PROVIDED DATA -
-=-=-=-=-

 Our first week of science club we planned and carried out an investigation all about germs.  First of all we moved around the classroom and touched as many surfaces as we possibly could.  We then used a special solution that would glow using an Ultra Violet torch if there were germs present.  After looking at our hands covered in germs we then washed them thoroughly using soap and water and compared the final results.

-=-=-=-=-

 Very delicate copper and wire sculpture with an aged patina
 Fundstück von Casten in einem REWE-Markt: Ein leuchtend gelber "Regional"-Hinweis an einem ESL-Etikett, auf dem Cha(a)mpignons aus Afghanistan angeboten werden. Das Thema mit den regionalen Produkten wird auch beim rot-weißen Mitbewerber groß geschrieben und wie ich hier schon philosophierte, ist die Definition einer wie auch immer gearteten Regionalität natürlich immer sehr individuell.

-=-=-=-=-

Reproduce only the lines above, starting at the line with "Very delicate copper" and ending at the line with "Fundstück von Casten", exactly as written.

OUTPUT -
 Very delicate copper and wire sculpture with an aged patina
 Fundstück von Casten in einem REWE-Markt: Ein leuchtend gelber "Regional"-Hinweis an einem ESL-Etikett, auf dem Cha(a)mpignons aus Afghanistan angeboten werden. Das Thema mit den regionalen Produkten wird auch beim rot-weißen Mitbewerber groß geschrieben und wie ich hier schon philosophierte, ist die Definition einer wie auch immer gearteten Regionalität natürlich immer sehr individuell.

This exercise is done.